Ethereum's call leaves open queries before the October update


A phone call that brought together a broad representation of the ethereum community to discuss critical code changes on which decisions must be taken prior to a software update scheduled for October, failed to produce immediate results on Friday.

weekly developers call, which this week included most of the network miners and some important investors, had the goal of obtaining a consensus on the changes in the underlying economies of ethereum, on the speed of its updates and on the methods mining that supports, in addition to establishing an order in which concerns could be addressed through future updates.

However, despite almost two hours of dialogue, the meeting ended with the resolution that the discussion continues, with a subsequent meeting scheduled for 31 August.

Need addition to the interview is that the so-called "difficulty bomb", a piece of code that, in an attempt to encourage faster updates of the protocol, must be delayed or removed.

the presence of the deadline, set for the beginning of 2019, has complicated the question on the opportunity to implement a modification of the proof-of-work to remove the specialized mining hardware, or ASIC , from the platform, if its awards are distributed fairly and if such changes should be made together.

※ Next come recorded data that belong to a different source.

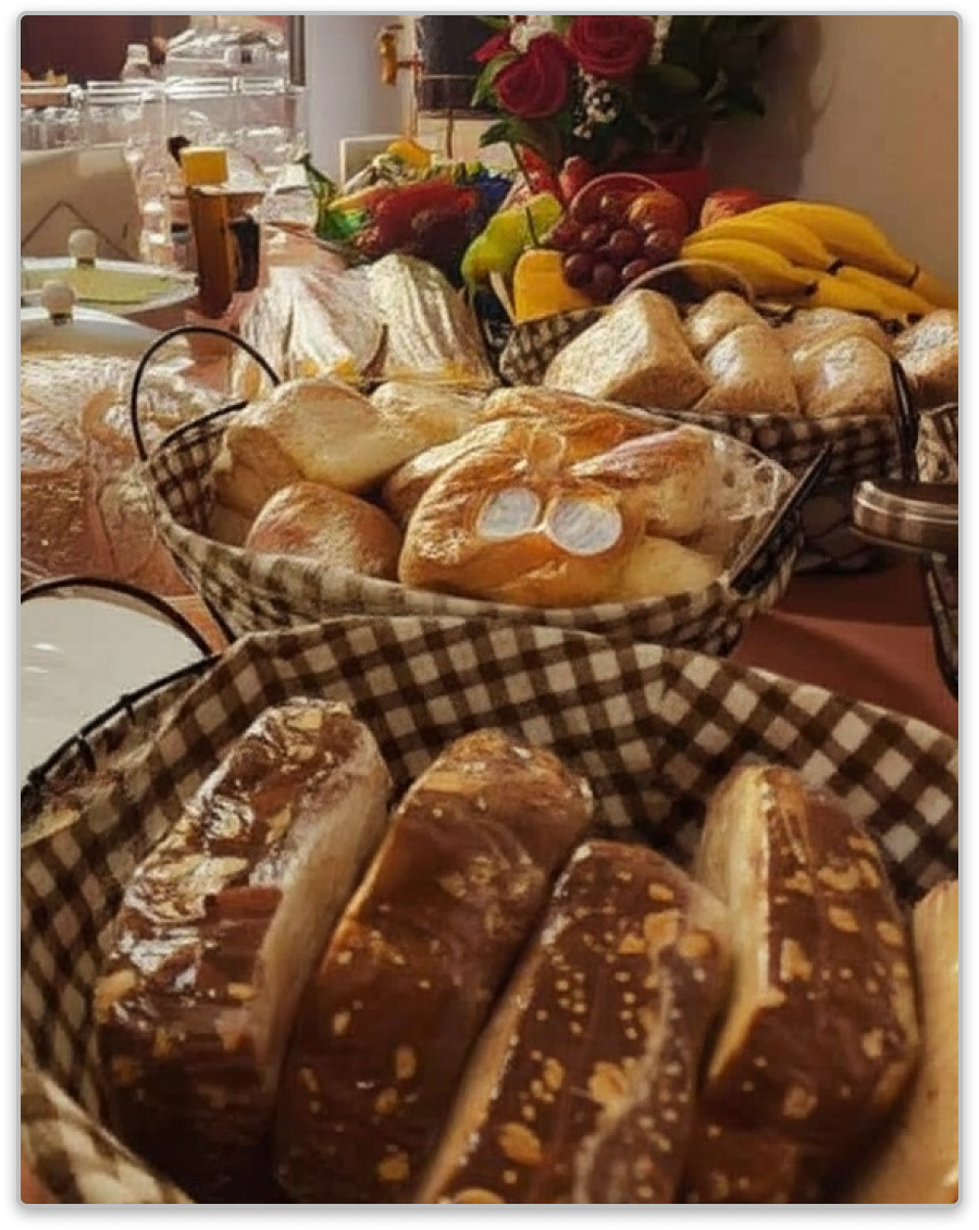 - Bolos: Mais de 15 sabores, incluindo Arroz, Banana com Nutella, Cenoura com Chocolate, Choco Ninho, Fubá com Goiabada, Laranja, Maçã com Canela e muito mais.
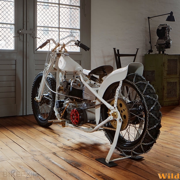 A '30-as évekbeli hillclimb motorok és a jégmotorok szerelmének gyümölcse Uwe versenyzői múltjából ered. A blokk összetétele elég vegyes, 1946-os U model az alap,1936-os VLH hengerekkel, amik 80 köbinchre növelték a hengerűrtartalmat, a hengerfejek pedig '48-as ULH tipusé a jobb hűtés miatt. Baker 6 sebességes váltó, Yamaha TY 80 tank, és Beringer kerékagyak képviselik a modern kort.
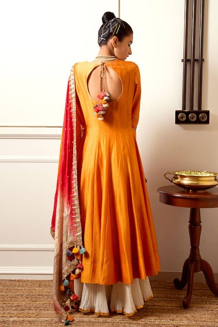 Summer orange chanderi silk anarkali hand embroidered with pop coloured threads, gota patti & sequin knots. Paired with ombre silk dupatta with sequins, mirror work & crushed sharara.
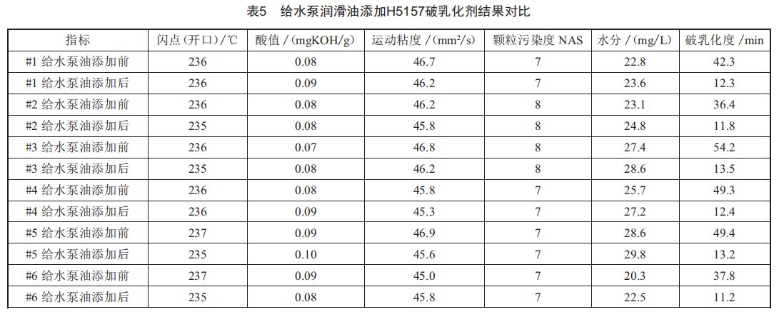 對于破乳化度超標、其他指標正常的潤滑油,合理添加破乳化劑H5157、n330均能起到明顯改善破乳化度的效果。但是,破乳化劑n330存在使?jié)櫥烷W點降低、顆粒污染度上升的風險。添加破乳化劑H5157則能在不改變潤滑油閃點、酸值、粘度、顆粒污染度、水分等主要指標的前提下將潤滑油的破乳化值降低到與新油接近的水平,且6臺給水泵潤滑油實際添加H5157后均取得了較好的效果。
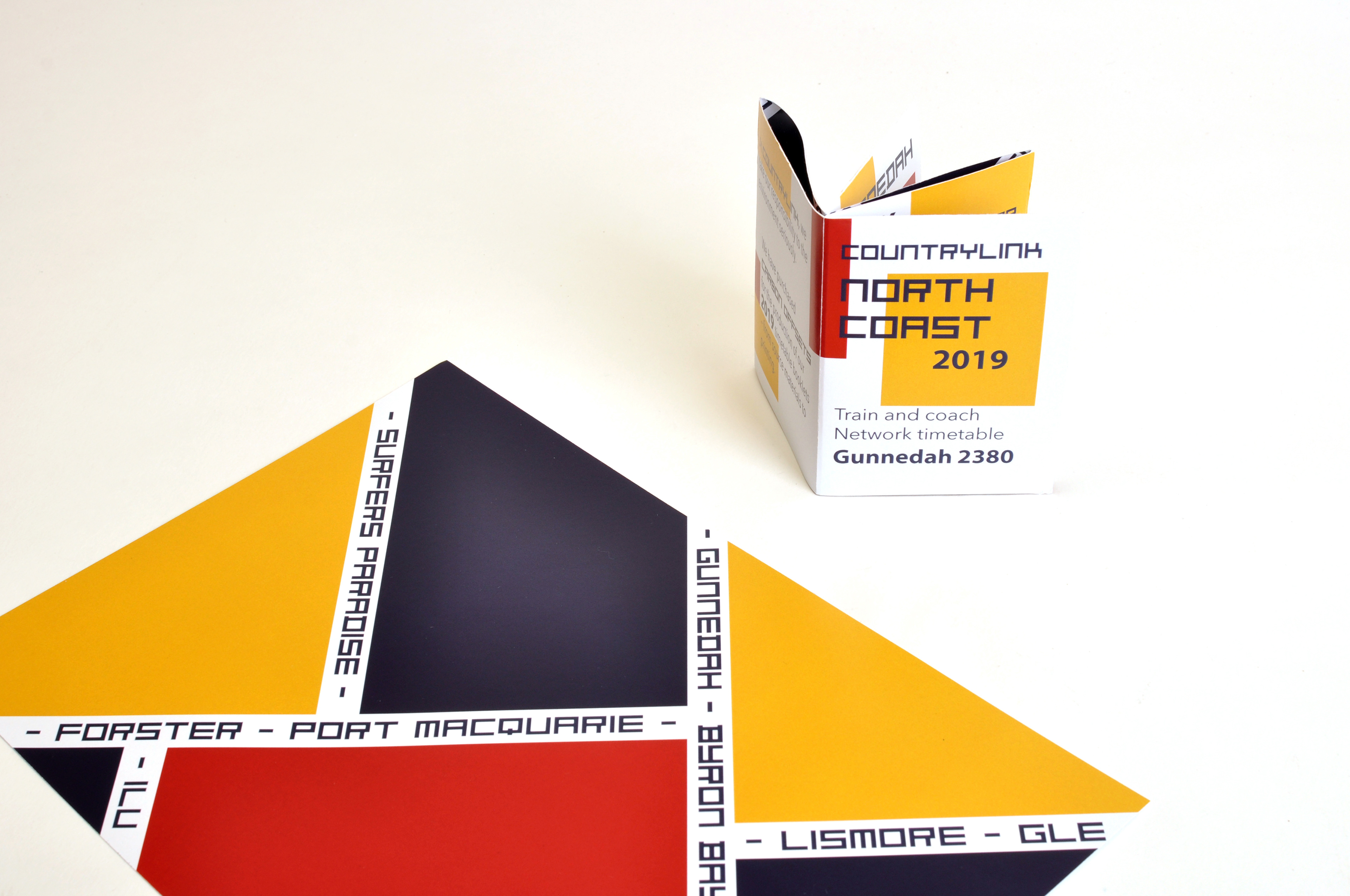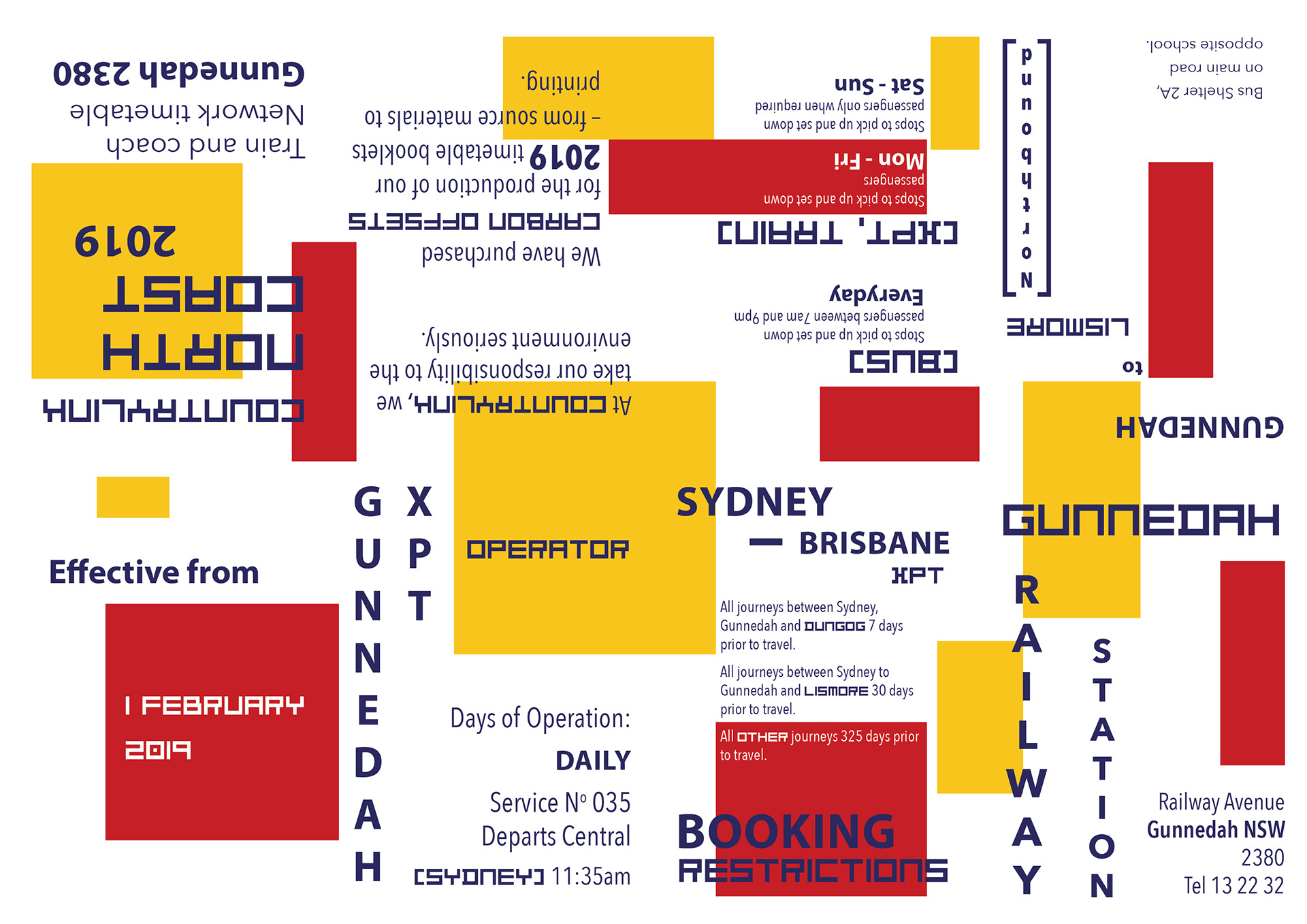 Creation of an experimental timetable for the North Coast NSW Train, based on the art movement De Stijl. Software: InDesign. Technique: Typography. Size: 74.4 x 105 mm.

But since miners, developers and investors are all involved – some could make or lose money, depending on the decision – the conversation could be seen as a first difficult step in making those choices.

President of Decision Hudson Jameson said:

"I honestly do not know how to make a decision, I do not know how we're going from here."

Issue discussion

Apart from the lack of firmness decisions, a lot of time was spent discussing how much ether was created and distributed with each block of transactions extracted.

Two bidders – Brian Venturo, CTO of Atlantic Mining and Matthew White – called not only for a reduction in emissions, but went so far as to ask developers to commit to limiting the total amount of ether that can never be created.

Such a move would deviate from previous roadmaps, where a cap would not be added until an anticipated change to a proof-of-stake consensus method that would completely eliminate the need for data mining hardware.

Others have tried to frame the question as if it were in the interest of all parties who use ether – even developers who might not necessarily earn rewards.

"Getting the issue under control will have a good impact on the price that is important for developers' salaries, projects and funding for new projects," White said.

During the meeting, Xin Xu, CEO of an ethereum mining pool named Sparkpool that supports more than 20% of the hacredithum ethereum, warned of the consequences of lowering the emission rate too much or the reward of the block.

"There is a critical point and when we get there everything goes down and we can not go back in. In my opinion, the emission change will have a big impact on safety." Xin said.

ASIC Resistance

And although ethereum testing mining is expected to be replaced later in the roadmap, stakeholders face another controversial topic: whether to block the use of specialized chips that could displace many miners who are now dependent on the GPU.

At issue is the recent release of specialized ASICs designed to maximize the profits of miners and get those minors less competitive – or not able to buy the latest hardware.

Given that the reduction in emissions would actually be a reduction in pay for miners, the developer of ethereum Danny Ryan suggested that the blocking of ASICs from the network could be a "reasonable compromise" for the GPU -dependent miners.

Jameson said that such a change of code could be implemented on a subsequent difficult fork, eight months after the activation of Constantinople – however, the required test could be too subdued

And while c & # 39; it was broad consensus by the miners present to keep the ASIC out of the platform, several developers rejected the proposed code change, stating that they were "skeptical" that

Others warned that too large a change could actually be detrimental to the miners of the GPU, who have optimized their equipment for the ethereum code.

In the end, Jameson urged participants to continue the discussion on social media, commenting:

"Between today and next Friday there will be more comments on the EIP and the different perspectives here."